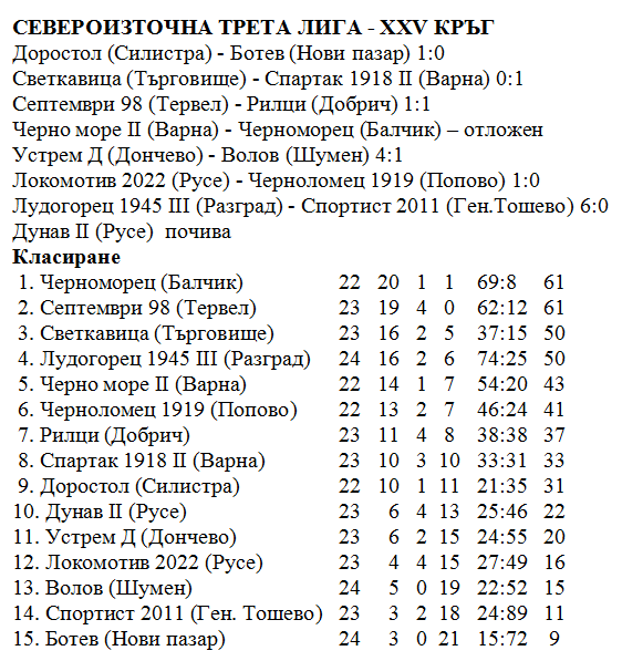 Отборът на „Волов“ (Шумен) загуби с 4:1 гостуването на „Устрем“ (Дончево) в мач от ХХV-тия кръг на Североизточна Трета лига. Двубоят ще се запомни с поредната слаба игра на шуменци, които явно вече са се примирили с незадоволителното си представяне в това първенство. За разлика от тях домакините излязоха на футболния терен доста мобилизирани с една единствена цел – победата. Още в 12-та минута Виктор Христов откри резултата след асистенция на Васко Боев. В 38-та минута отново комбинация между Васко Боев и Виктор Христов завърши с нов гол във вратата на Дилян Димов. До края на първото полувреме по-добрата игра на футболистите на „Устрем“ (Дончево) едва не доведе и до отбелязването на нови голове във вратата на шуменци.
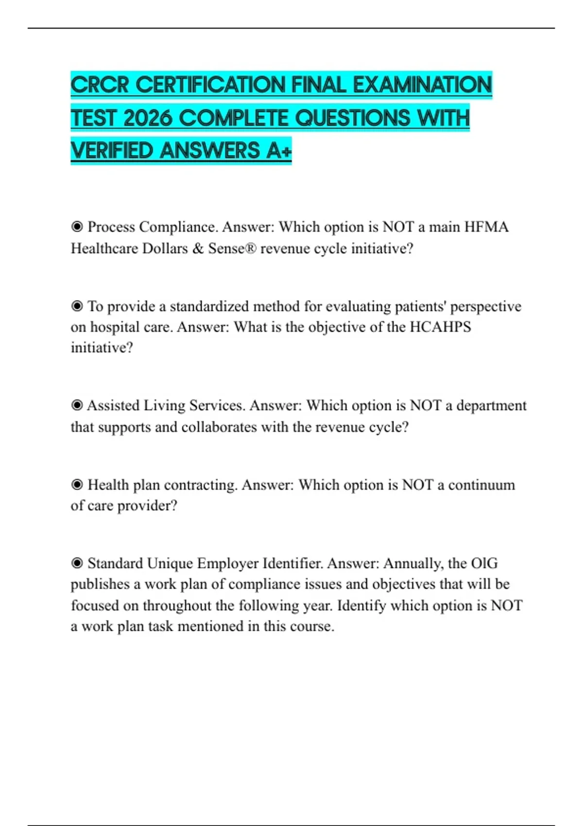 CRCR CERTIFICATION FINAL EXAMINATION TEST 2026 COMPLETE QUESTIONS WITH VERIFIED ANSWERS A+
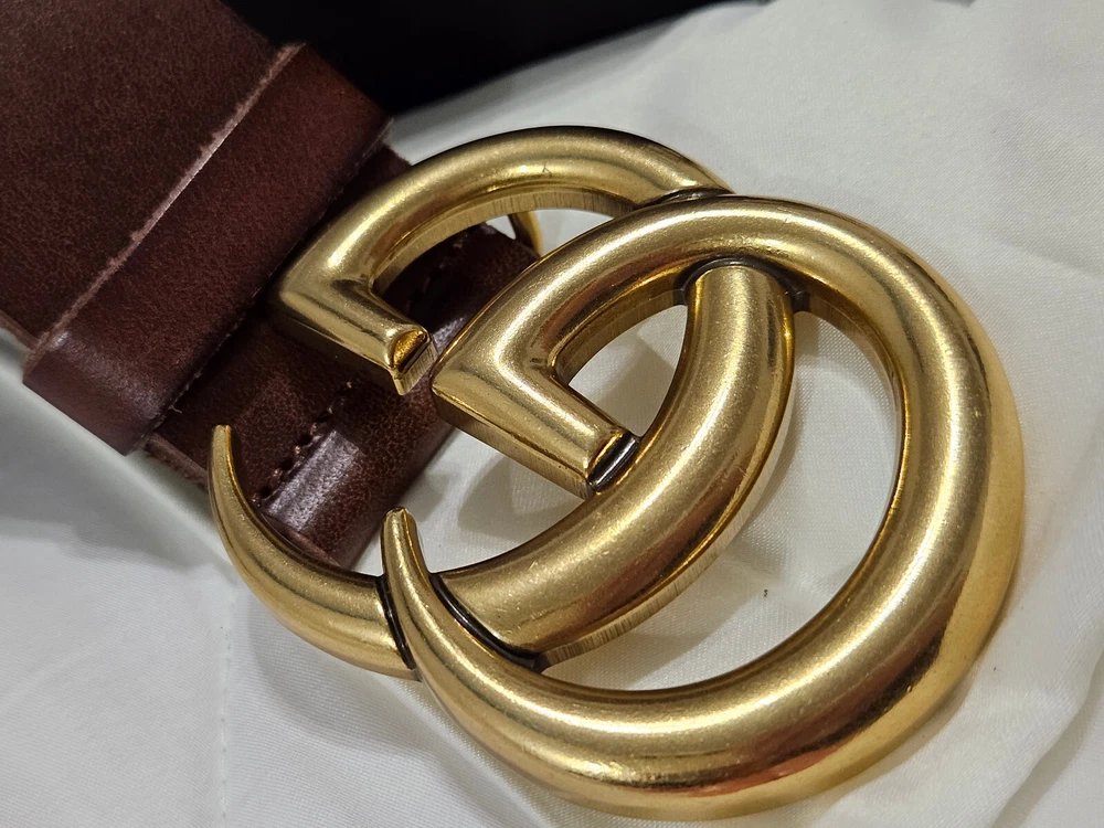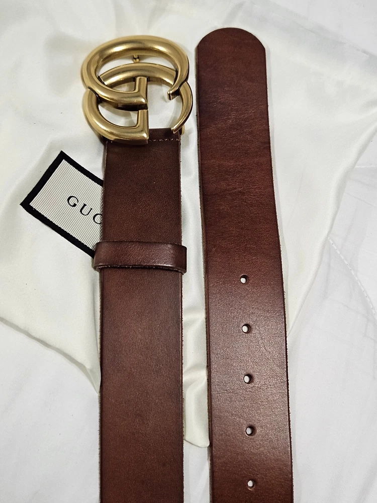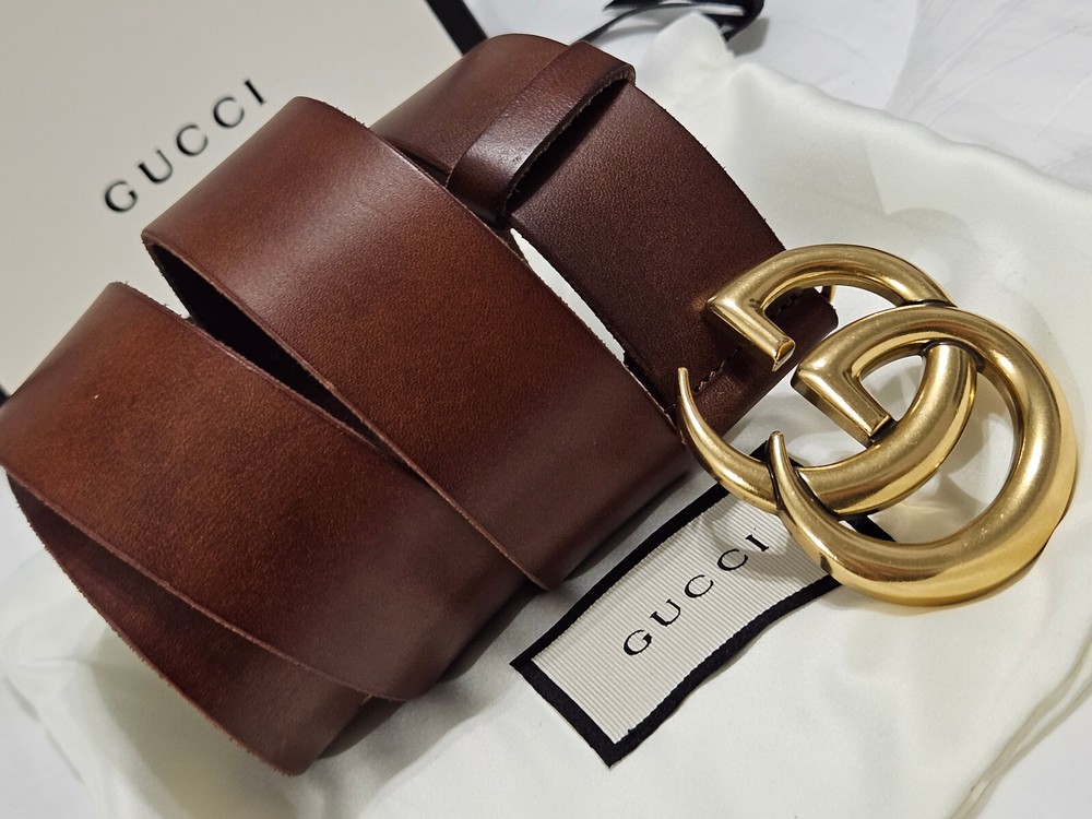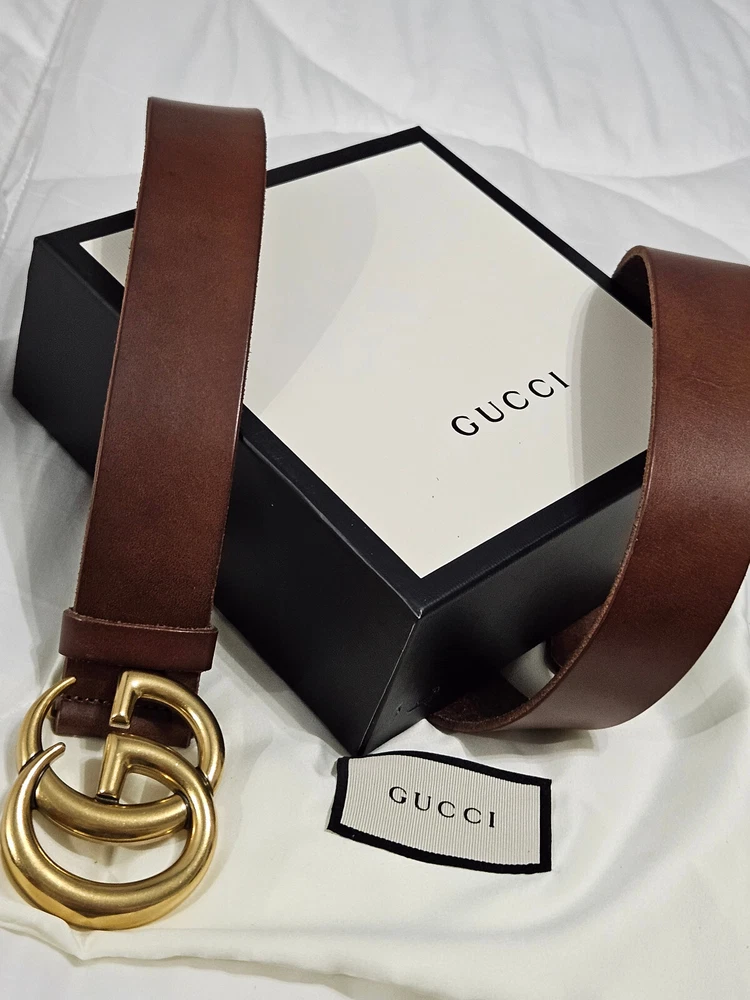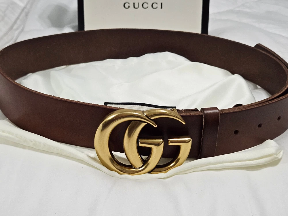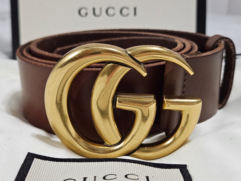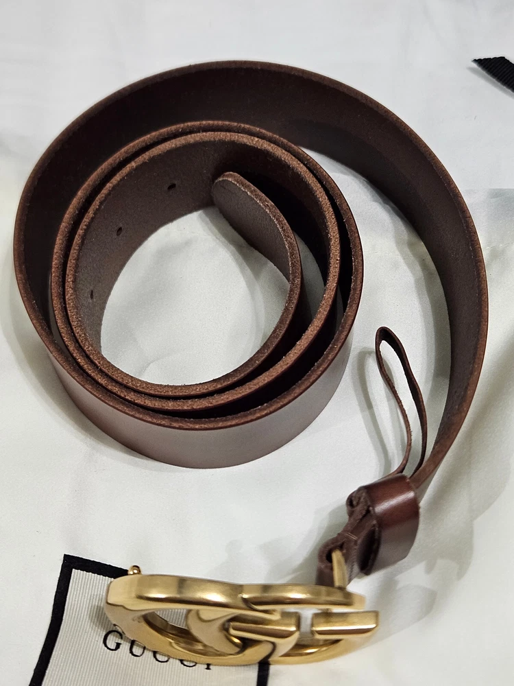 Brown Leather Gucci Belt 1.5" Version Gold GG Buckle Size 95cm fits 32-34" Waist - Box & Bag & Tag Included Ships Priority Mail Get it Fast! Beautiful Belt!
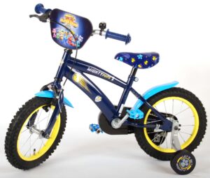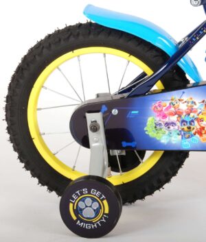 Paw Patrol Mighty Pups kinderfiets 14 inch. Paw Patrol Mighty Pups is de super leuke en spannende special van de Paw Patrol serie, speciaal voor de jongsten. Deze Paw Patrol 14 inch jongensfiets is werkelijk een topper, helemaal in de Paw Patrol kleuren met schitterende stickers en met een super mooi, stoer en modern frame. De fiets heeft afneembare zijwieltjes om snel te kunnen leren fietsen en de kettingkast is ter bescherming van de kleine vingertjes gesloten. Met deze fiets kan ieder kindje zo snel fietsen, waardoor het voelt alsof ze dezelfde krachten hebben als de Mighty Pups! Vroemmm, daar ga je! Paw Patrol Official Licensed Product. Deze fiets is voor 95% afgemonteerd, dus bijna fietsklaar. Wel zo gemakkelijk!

:: TASK TO CARRY OUT ::
Keep to the lines above from the line with "CRCR CERTIFICATION FINAL" to the line with "Brown Leather Gucci", and set down exactly those, inclusive, with nothing else and every picture left out.

:: THE COMPLETED TASK ::
 CRCR CERTIFICATION FINAL EXAMINATION TEST 2026 COMPLETE QUESTIONS WITH VERIFIED ANSWERS A+
 Brown Leather Gucci Belt 1.5" Version Gold GG Buckle Size 95cm fits 32-34" Waist - Box & Bag & Tag Included Ships Priority Mail Get it Fast! Beautiful Belt!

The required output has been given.